Internet-Drafts are working documents of the Internet Engineering Task Force (IETF). Note that other groups may also distribute working documents as Internet-Drafts. The list of current Internet-Drafts is at https://datatracker.ietf.org/drafts/current/.

Internet-Drafts are draft documents valid for a maximum of six months and may be updated, replaced, or obsoleted by other documents at any time. It is inappropriate to use Internet-Drafts as reference material or to cite them other than as "work in progress."

This Internet-Draft will expire on 16 April 2022.

Table of Contents

1. Introduction

Since the time sensitive network and deterministic network were proposed, the application use case has always been the hottest topic. It may originate from the industry, audio and video, and has more demand in the era of 5G and industrial Internet. As years of development, TSN has been used in several industries, and has enough public awareness of the industry for it's scope. DetNet also has done a lot of work and the standards are mature, and people concern more on how to guarantee the deterministic demand on Layer 3 network.

However, when to provide deterministic network services, network providers always face the problem of how to match application needs to the technology, so more work are needed for network service providers to successfully sell DetNet type services to customers. For example,

The service level objective definitions, considering absolute or relative latency and jitter bounds, flows types and physcial network scale;

The suitable queuing mechanisms, considering more option of queuing mechanisms for different service level;

The deployment issues, considering how to integrate into existing networks, service, and controller-plane.

2. Diversified application requirements and trial status

2.1. Different levels of application requirements

[RFC8578]gives some requirements of industry, electricity, buildings, etc.. some of them clearly specify the requirements for latency and jitter, while some not for the jitter. Different types of users have different demand, just as network provider provide different network services for personal business or enterprise business, so as to the detnet service for defferent uses.

One kind has critical SLAs requirement, such as remote control or cloud PLC of manufacturing and differential protection of electricity. If these services exceed the boundaries of latency and jitter, it will bring property losses and security risks, so they can't tolerate with any non-deterministic situation and can pay more on the network service.

Another kind has relatively lower levels of SLA requirement, such as cloud gaming, cloud VR and online meeting for "consumer" networks. Users of these applications hope to have a better network experience, but they can tolerate it to a certain extent if the network quality is not good sometime. So they are willing to spend more money for high-quality network services. In some aspects, because such services have no industry barriers and can tolerate exceeding the upper boundary of latency within a small probability, they have relatively lower requirements for the network and may be easier to deploy.

Different application needs are actually related to cost.
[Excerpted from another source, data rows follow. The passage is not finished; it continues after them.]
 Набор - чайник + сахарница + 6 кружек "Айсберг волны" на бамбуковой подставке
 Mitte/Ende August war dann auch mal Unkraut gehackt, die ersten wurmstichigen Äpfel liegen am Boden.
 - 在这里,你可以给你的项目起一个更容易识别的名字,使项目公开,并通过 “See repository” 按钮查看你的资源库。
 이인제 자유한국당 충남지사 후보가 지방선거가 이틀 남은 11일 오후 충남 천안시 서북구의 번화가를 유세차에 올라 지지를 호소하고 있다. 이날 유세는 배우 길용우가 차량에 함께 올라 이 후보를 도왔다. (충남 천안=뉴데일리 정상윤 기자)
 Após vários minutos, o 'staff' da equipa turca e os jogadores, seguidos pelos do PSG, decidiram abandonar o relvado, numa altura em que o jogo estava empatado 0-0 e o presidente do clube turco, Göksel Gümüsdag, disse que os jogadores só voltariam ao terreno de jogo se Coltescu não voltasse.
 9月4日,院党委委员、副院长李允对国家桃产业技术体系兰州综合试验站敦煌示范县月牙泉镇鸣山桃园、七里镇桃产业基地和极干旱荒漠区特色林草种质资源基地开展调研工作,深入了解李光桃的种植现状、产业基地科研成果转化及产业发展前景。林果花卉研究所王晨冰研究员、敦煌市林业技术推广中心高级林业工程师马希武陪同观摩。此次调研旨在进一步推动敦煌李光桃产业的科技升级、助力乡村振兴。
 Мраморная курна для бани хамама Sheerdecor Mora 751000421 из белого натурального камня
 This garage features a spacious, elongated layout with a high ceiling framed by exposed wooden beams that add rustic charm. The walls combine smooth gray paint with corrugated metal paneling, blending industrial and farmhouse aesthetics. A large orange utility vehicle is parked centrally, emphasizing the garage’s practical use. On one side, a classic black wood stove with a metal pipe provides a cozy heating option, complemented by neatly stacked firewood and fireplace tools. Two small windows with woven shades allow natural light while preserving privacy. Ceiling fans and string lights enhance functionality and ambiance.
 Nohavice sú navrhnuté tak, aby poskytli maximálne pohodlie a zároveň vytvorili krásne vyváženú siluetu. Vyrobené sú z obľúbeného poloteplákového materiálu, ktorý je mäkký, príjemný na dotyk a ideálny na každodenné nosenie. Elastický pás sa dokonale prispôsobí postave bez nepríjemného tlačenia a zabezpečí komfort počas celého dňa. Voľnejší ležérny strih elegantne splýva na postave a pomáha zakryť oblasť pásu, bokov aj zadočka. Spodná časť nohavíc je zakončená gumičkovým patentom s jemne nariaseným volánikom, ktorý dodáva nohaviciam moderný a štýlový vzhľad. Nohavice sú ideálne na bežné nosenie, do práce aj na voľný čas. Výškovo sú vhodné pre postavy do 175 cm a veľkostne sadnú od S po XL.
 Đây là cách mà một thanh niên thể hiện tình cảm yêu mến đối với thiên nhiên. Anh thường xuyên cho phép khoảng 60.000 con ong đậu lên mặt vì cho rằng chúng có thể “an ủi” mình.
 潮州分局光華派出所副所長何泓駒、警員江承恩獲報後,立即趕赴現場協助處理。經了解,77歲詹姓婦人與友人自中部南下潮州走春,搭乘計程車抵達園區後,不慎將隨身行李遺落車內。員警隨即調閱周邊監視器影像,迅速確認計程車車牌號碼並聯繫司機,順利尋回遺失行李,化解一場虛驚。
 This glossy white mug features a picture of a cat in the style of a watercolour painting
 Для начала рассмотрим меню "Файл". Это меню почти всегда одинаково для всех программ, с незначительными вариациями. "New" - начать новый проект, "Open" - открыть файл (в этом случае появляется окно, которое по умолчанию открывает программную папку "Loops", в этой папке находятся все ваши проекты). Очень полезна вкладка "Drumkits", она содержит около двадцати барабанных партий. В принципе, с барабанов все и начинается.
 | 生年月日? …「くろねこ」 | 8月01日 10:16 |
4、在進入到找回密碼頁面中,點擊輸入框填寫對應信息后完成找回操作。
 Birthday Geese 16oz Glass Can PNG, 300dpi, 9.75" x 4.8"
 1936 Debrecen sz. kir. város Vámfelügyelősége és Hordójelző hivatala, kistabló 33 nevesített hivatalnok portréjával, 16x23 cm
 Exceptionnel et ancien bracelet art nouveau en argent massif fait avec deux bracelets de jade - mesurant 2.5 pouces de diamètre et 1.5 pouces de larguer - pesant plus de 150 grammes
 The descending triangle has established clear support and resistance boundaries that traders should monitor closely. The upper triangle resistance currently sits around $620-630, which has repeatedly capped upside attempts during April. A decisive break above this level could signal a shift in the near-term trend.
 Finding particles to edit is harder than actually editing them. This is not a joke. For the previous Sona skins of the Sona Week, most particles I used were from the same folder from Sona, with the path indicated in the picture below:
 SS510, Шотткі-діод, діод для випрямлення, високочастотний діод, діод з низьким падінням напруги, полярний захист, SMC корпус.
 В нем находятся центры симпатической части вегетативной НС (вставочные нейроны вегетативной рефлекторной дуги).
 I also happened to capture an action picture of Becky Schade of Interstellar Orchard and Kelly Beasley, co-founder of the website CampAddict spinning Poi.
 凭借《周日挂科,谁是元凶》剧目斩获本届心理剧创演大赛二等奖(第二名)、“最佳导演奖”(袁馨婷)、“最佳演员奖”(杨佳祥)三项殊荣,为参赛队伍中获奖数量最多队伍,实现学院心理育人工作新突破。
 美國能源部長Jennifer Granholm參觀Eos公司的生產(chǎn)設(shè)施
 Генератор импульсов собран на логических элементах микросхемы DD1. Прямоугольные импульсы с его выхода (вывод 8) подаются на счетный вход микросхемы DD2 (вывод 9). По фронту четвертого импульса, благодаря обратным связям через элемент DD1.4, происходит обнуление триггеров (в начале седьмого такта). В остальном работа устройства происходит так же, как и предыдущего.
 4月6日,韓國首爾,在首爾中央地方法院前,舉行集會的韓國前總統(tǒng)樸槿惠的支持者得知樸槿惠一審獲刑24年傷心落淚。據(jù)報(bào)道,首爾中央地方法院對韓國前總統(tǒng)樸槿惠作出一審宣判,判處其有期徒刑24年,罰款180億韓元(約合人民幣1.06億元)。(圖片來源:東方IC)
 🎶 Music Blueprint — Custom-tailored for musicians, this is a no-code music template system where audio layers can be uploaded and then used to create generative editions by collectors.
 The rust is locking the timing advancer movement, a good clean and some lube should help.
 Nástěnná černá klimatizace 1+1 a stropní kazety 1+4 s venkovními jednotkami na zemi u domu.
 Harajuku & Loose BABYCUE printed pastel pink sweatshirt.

For strict deterministic services, strict technologies need to be used, and all network devices may need to be upgraded. For non strict deterministic services, it may only be necessary to upgrade some equipment or share corresponding network resources.

                 Critical latency requirements:

     |      <->| Industrial, tight jitter, hard latency limit
     |<------->| Industrial, hard latency limit
     |
     |<-------------.....>  Relatively lower latency requirements
     |
     |<-------------........................>   Best effort
     |
     +---------------------------------------------------------->
                                                          latency
Figure 1: Figure 1: Different levels of application requirements

2.2. Examples in terms of large scale

Ahead of the formulation of standards, some trials have been carried out to verify large-scale deterministic networks.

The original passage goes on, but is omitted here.